The power of the minority is potentiated by the willingness of the clerics and their followers to employ violence in the service of the "Cause."  The violence can be low level like street demonstrations.  Or it can be high and lethal as in the killing of the governor of Punjab.  In either the result is the same.

Over time the social compact is tested to the point of failure.  Over time people are forced to choose sides.  Over time the adherents of political Islam will gain strength.  Over time the government will find its self confidence further eroded.  The polity and society fall into a graveyard spiral.

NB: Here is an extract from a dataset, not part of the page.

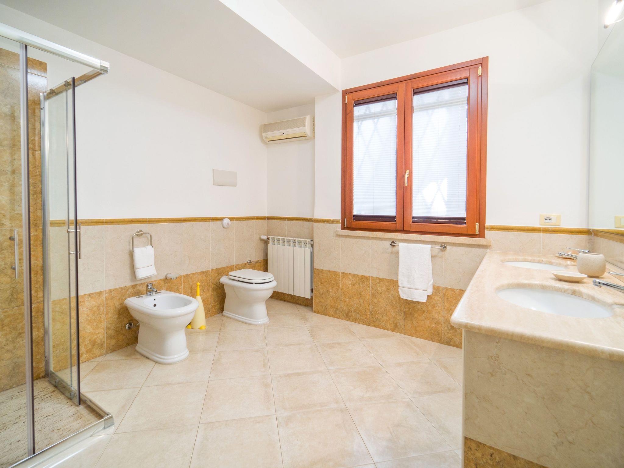 Der Poolbereich verfügt auch über ein Bad mit Dusche und die Villa bietet auch einen Grillplatz.

Humans detest risk.  Uncertainty is risk.  The true cause of the graveyard spiral underway in Pakistan is the growing uncertainty in the minds of the vast and all-too-silent majority.  As the "liberals," the reformers such as the dead Punjabi governor, retreat in fear the uncertainty is accelerated.  The only voices are those of the New Order, the advocates of political Islam.  In search for certainty, in quest of lowering risk, the majority will fall ever deeper in the gravity well created by the clerics and their fellow travelers in the mob.

The Obama administration is attempting to reinforce the spine of the Pakistani government and military by the promise of more money.  Money and cooperation, the Deep Thinkers of the administration believe will bring the reformers out of their funk, mobilize the government, the army, and the Directorate of Inter-Services Intelligence to abandon support tacit or otherwise of groups or individuals espousing political Islam.  It is not likely that this proposed increase in bribe payments will be any more successful than all the earlier efforts to buy Pakistani political will.

The dreary conclusion is that Pakistan has passed the tipping point.  Whether the current trajectory can be arrested, let alone reversed, is up to the Pakistanis alone.  It is up to the cowed reformers, the ever silent majority, to decide if they really want to live in the future envisioned by the clerics and their mobs.  The US can do little to change the minds, to charge the courage, to bolster the political will of the government and the elites of the country.

Realistically, the only course of action available to the US is contingency planning regarding the Pakistani nuclear capability.  In addition, the Afghan operational planning must take into account the continued existence of cross border safe havens in the FATA and beyond.  This, in turn, implies that the US and other civilized states must contemplate the prospect of failure in Afghanistan and plan accordingly.

Hating to start the New Year on a pessimistic note, the Geek must point out that a similar dynamic is under way in Iran.  This time the dynamic is running against the theocratic regime.  There are profound indications that in the contest of political wills, the Green Movement is gaining the upper hand.  The Supreme Guardian and his stooges are showing increasing signs of confusion, of non responses to the challenge of the opposition.  There is a failure of political will to squash the Green Movement leadership despite very tough talk.

Iran like Pakistan exhibit the critique of Lenin's Method as they show the correctness of his basic insight.  In both countries the anti-government movements are diffuse in leadership.  In both it is the power of words and ideas which galvanize the discontented, the disaffiliated, the alienated.  In both the government and supporting elites have been lacking faith in themselves and their position of power.  In both places the majority simply want a lack of risk, an abundance of certainty in the pursuit of daily living.

Most importantly, in both Pakistan and Iran, the long suffering and inarticulate majority will gradually, perhaps with glacial slowness or, less likely, with fulminating speed, move to the side which most credibly promises the prospect of certainty and absence of risk.  The Obama administration would be well advised to consider the truth of Lenin's Insight in the formulation of policy with respect to both countries.

Only in this way can failure be avoided.